The funds are currently diversified across multiple investment themes and about 400 large, liquid positions across several countries, with plans to expand to many more countries and around 1000 positions in the near future. There is also a self-imposed 1.5 per cent limit on maximum position size to minimise individual company risk.

The funds’ focus is on capital preservation, since the highly diversified, market-neutral approach reduces volatility and also improves risk-adjusted returns. This is important as investors should not take any more risk than is necessary to achieve their investment objectives – and they should be well compensated for the risk they do take.

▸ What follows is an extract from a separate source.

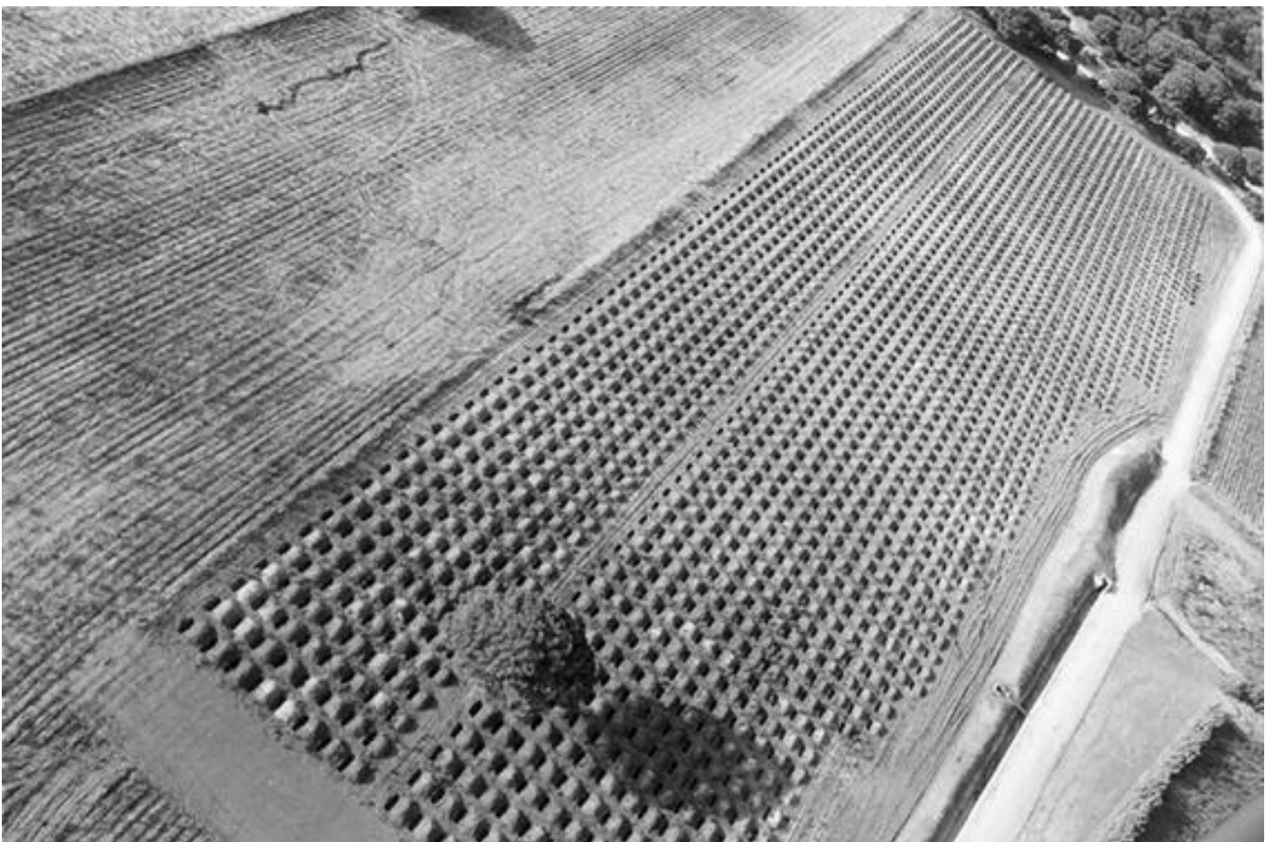
Santiago Serra, 3000 buchi ciascuno di 180x50x50 cm, luglio 2002, Cadiz Spagna.

Se un museo mi contatta per chiedere un nuovo lavoro o per mostrarne uno già fatto è perché c'è una certa complicità. Il museo conserva ed espone ciò che la società apprezza di più, o almeno è così in teoria. Naturalmente questa è solo verbosità. Infine, sono musei privati o pubblici, dove le decisioni vengono prese a titolo personale e per scopi curricolari. Quindi, alla fine tutto dipende da persone specifiche con atteggiamenti diversi nei confronti della vita e dell'arte. Quindi ho avuto esperienze di ogni tipo. Ho avuto difficoltà a lavorare in alcuni musei e in altri tutto è andato molto meglio di quanto mi aspettassi. Non ho un'opinione fissa sui musei. Dipende da chi c'è dentro. Questo può essere estrapolato in centri sociali autogestiti. Puoi trovare persone che collaborano con te nell'esercizio della tua libertà di artista e puoi trovare il contrario, gli ortodossi deliranti dell'eterodossia. Nella mia esperienza di artista so con certezza come andranno le cose solo se lavoro con persone di cui mi fido completamente, e nemmeno al cento per cento. Ogni nuova esperienza è imprevedibile a priori.

Rushton has as an ‘all-weather’ investment strategy, since investing is a marathon, not a sprint, and with retirees now expecting around 30 years in retirement, a sound investment strategy must be able to navigate a wide range of economic conditions.

An SMSF solution

The avoidance of risk is particularly pertinent for SMSF trustees, even more so for those already at retirement age and dependent upon drawings from their super to provide for basic living expenses.A category of risk not yet touched on in this article is sequencing risk, which could be considered as the Murphy’s Law of investment returns, and poses the question: what happens if you get the worst possible return at the worst possible time? The most notable recent example of this was those who were about to retire, or had just retired, at the onset of the global financial crisis in late 2007.

The threat of sequencing risk increases as SMSF trustees approach retirement, and while all investments could be held in cash, this negates the possibility for portfolio growth, particularly with current low interest rates, which also rules out the other traditional safe haven of sovereign bonds.

So instead, the best strategy is to scale back exposure to risk from around the age of 50 onwards, making a market-neutral approach ideal for those in this age bracket as it has the ability to generate a healthy return over the medium to long term with lower volatility than a long-only share investment.

As Yale and countless other institutional investors have shown in recent decades, share market volatility does not mean investors have to compromise returns and risk exposure, and with the rising popularity of these alternative investments among SMSF trustees, many Australian investors are joining the trend.

As Australia’s SMSF sector looks towards 2017, it is apparent there is little sign of market and economic risks diminishing, or a sudden upturn in official interest rates or bond yields. Adopting alternative investments as part of a diversified and conservative portfolio could prove crucial in helping SMSFs successfully navigate this uncertain investment environment.